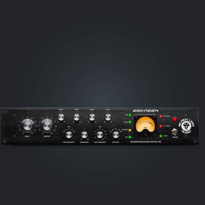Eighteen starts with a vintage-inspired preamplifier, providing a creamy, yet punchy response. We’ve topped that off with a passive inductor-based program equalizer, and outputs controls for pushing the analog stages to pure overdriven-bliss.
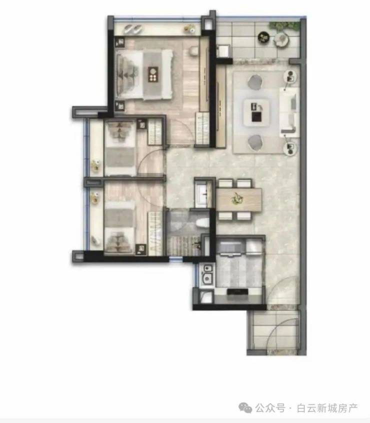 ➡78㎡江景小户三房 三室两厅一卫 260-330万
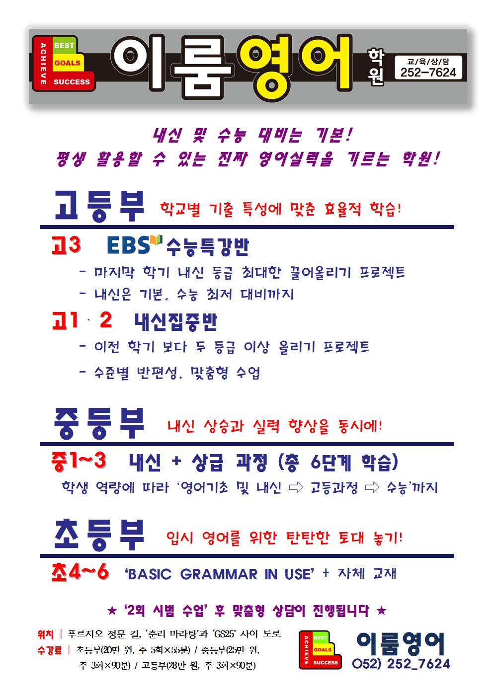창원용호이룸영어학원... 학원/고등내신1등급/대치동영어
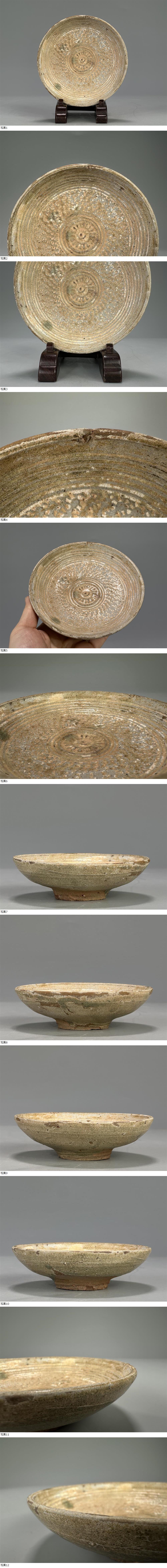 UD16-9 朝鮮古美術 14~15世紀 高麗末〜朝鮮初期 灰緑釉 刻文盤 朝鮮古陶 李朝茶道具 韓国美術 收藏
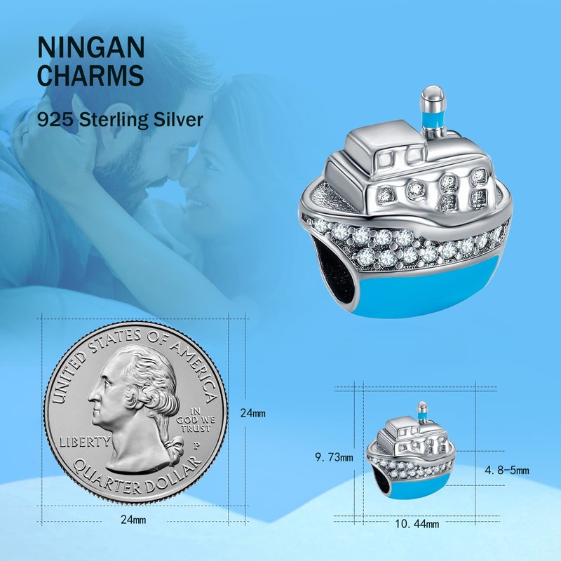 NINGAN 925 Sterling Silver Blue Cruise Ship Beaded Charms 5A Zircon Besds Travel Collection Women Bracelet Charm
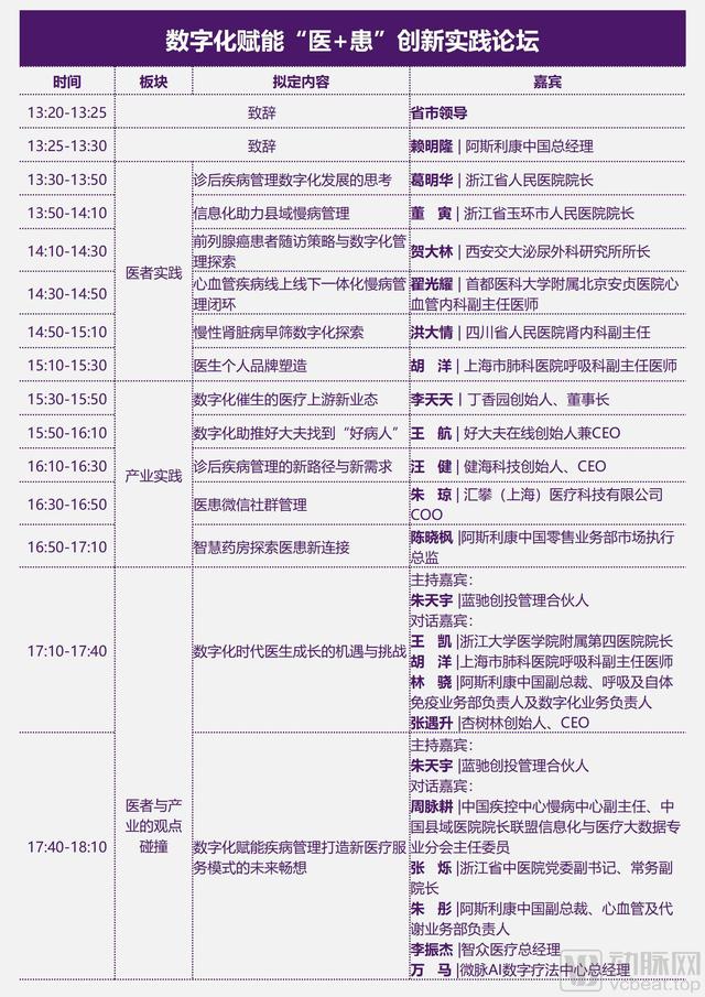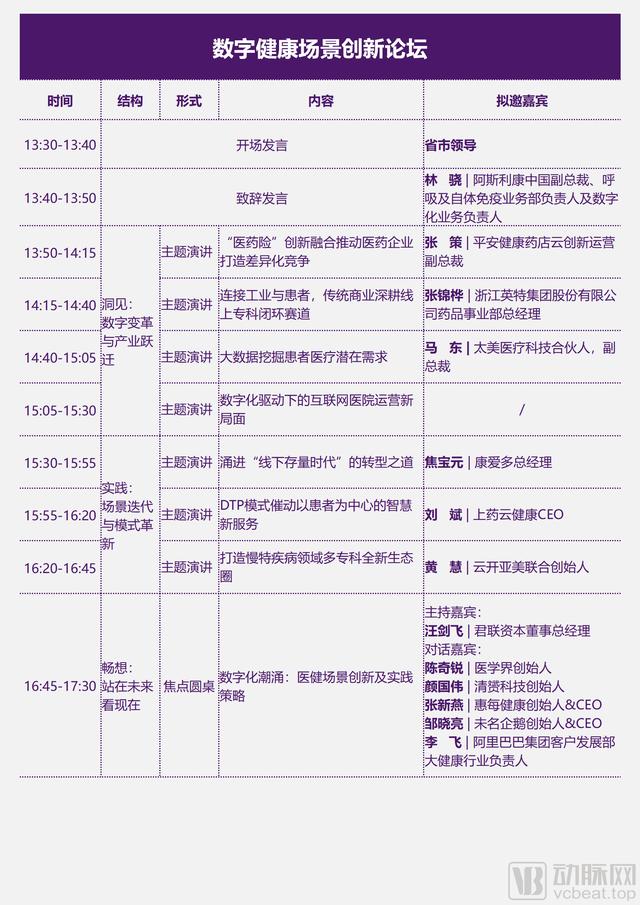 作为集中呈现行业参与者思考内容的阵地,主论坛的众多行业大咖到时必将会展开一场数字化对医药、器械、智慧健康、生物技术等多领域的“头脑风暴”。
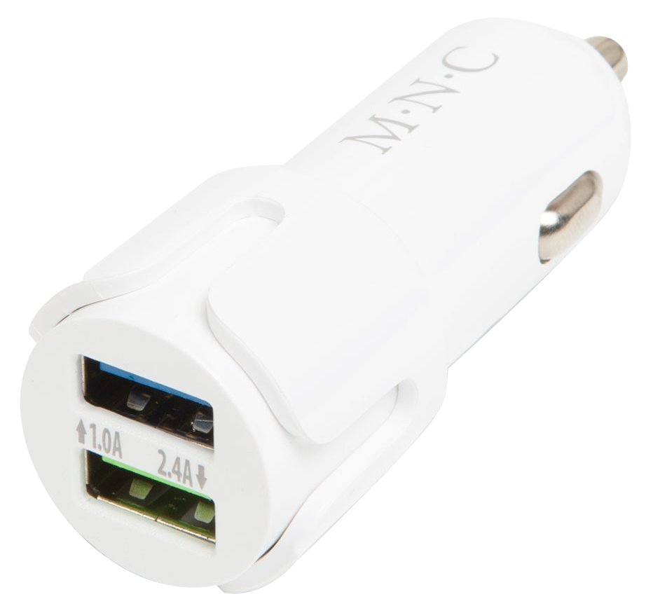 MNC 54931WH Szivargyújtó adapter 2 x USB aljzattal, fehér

--

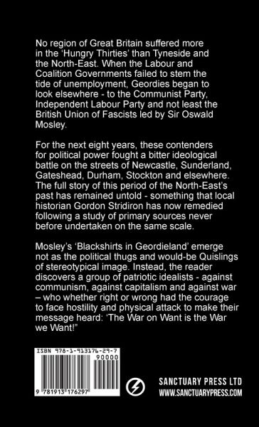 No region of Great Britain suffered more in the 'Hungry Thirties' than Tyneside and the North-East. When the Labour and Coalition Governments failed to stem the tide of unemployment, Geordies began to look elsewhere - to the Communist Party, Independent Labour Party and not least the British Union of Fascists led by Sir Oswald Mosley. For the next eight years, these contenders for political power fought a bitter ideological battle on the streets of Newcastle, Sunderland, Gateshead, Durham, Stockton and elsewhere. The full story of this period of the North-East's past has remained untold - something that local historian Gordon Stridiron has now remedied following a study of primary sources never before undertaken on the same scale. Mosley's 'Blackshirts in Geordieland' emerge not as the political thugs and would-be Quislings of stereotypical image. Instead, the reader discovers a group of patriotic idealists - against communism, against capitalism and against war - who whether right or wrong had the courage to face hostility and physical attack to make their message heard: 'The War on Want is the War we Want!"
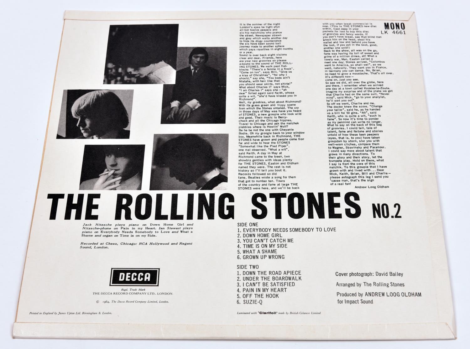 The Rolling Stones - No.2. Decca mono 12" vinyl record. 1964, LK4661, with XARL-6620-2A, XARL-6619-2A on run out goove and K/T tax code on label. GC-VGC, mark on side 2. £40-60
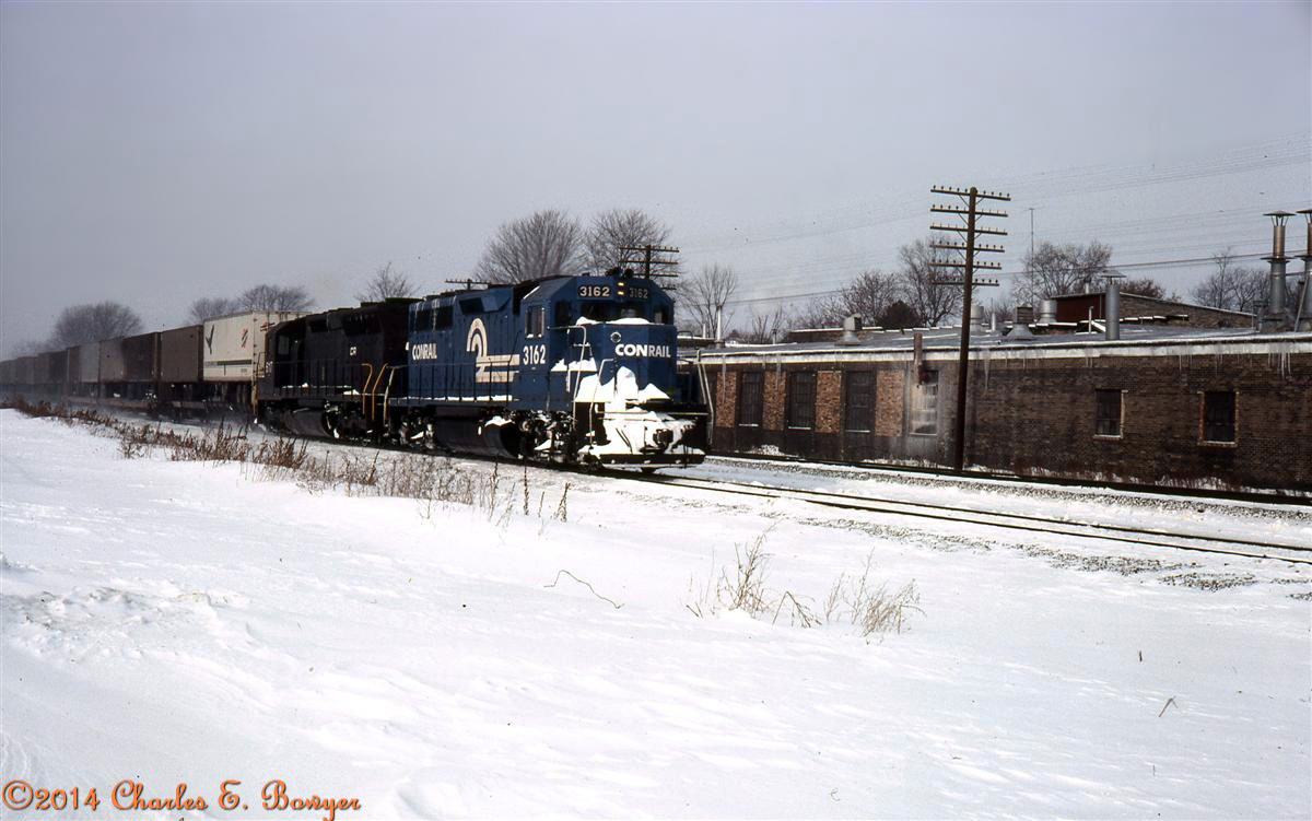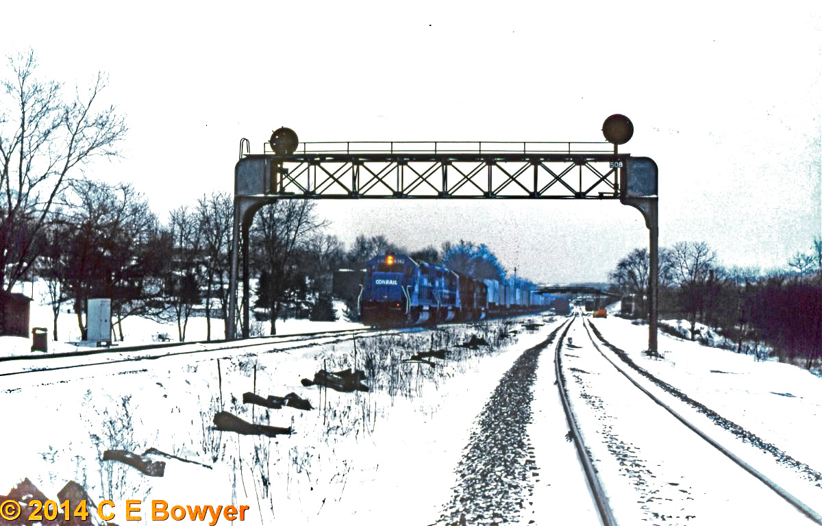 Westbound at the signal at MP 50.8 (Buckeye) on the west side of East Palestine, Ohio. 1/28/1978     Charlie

* * *

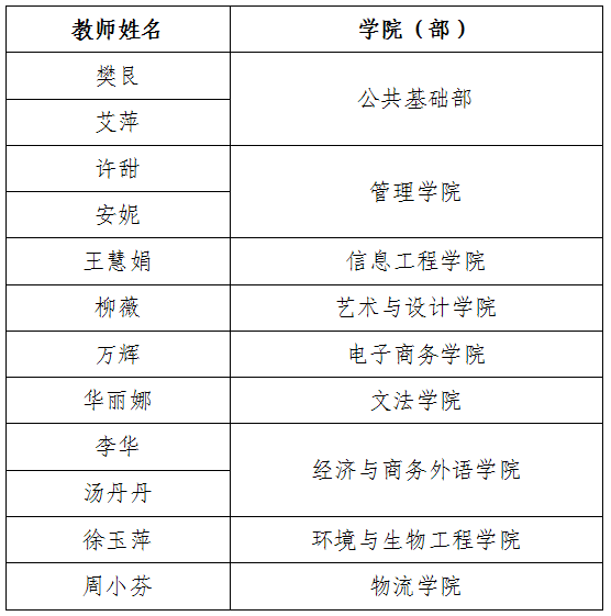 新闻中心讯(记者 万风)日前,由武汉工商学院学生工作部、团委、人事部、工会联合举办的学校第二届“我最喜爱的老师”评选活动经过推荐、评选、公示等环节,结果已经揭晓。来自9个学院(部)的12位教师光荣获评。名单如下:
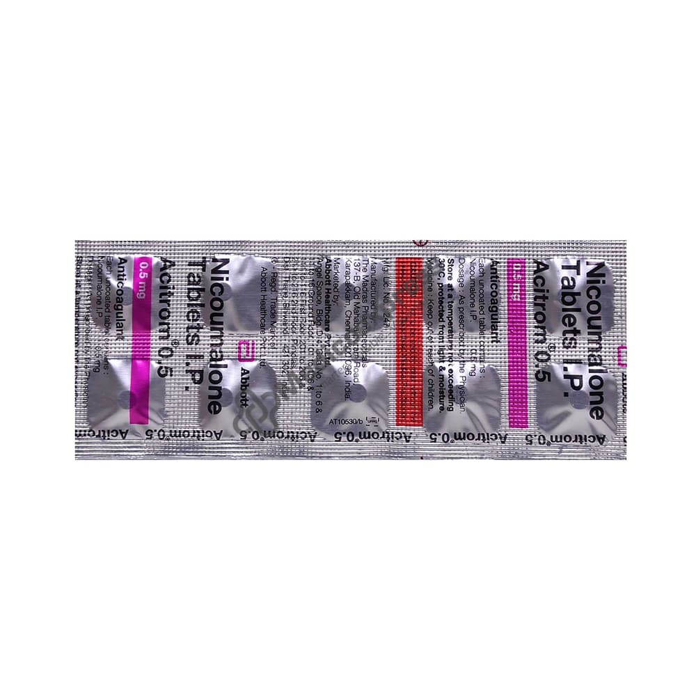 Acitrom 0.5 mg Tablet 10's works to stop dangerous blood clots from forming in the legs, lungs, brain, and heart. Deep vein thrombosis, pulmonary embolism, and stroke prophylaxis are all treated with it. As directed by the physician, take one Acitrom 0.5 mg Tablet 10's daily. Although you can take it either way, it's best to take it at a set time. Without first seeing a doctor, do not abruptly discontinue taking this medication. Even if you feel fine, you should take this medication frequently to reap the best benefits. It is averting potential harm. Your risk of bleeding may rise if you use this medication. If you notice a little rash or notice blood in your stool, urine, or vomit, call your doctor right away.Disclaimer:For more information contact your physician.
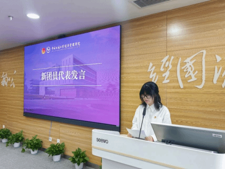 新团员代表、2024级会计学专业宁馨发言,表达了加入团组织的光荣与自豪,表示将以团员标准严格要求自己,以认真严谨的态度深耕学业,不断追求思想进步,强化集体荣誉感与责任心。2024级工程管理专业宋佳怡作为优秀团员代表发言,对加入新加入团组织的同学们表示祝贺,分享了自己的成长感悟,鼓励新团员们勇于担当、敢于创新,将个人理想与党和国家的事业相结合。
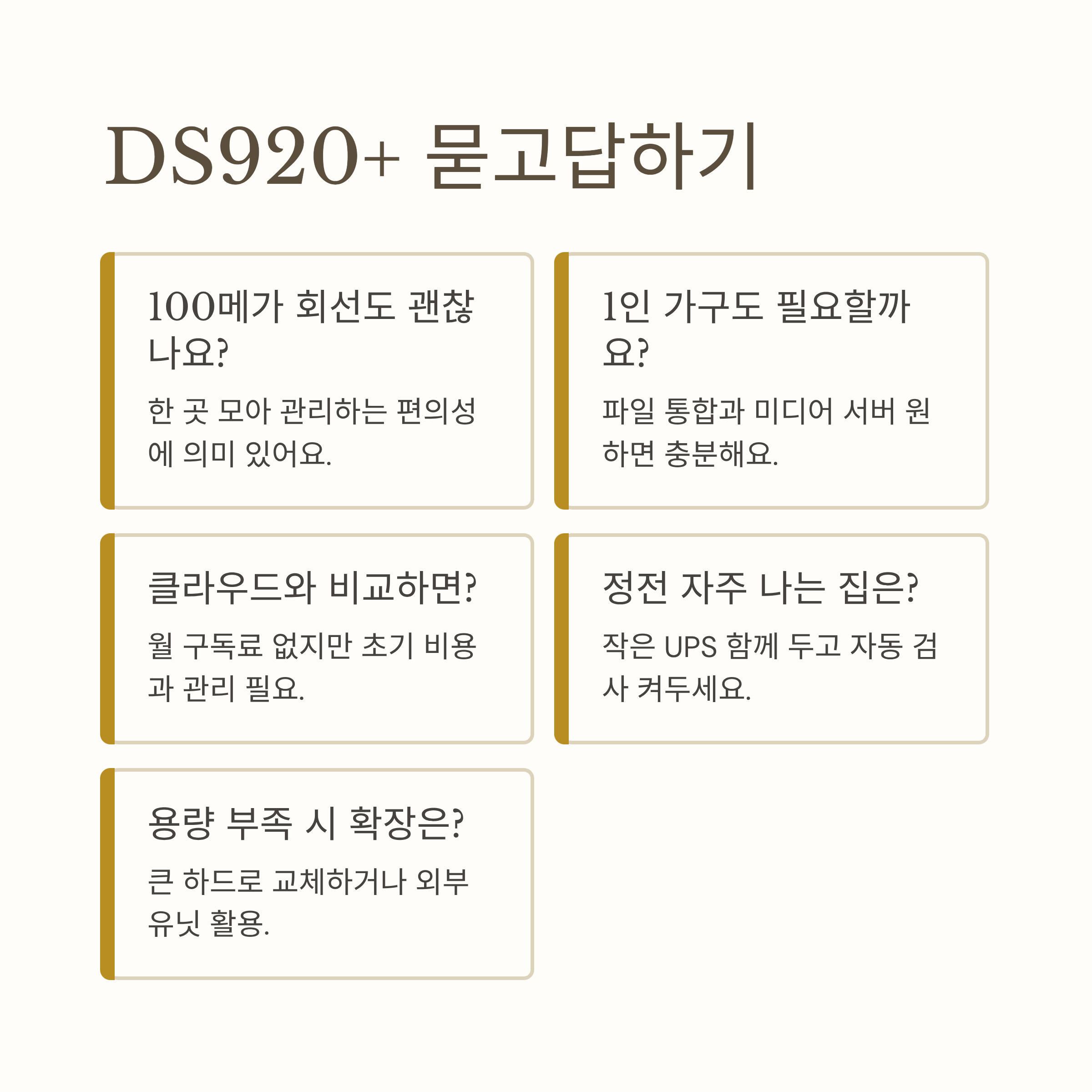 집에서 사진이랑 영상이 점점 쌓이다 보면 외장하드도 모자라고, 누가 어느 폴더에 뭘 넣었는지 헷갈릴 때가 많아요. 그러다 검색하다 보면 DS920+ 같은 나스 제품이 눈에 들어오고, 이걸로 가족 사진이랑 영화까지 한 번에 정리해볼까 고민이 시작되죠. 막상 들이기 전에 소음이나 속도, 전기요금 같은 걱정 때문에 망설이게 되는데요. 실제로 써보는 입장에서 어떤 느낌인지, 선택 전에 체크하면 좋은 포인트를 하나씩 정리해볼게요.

■ **Exercise brief**: Could you output exactly the lines above, from the line with "作为集中呈现行业参与者思考内" up to and including the line with "MNC 54931WH Szivargyújtó", and nothing else, skipping the pictures?

■ **Solution**:
 作为集中呈现行业参与者思考内容的阵地,主论坛的众多行业大咖到时必将会展开一场数字化对医药、器械、智慧健康、生物技术等多领域的“头脑风暴”。
 MNC 54931WH Szivargyújtó adapter 2 x USB aljzattal, fehér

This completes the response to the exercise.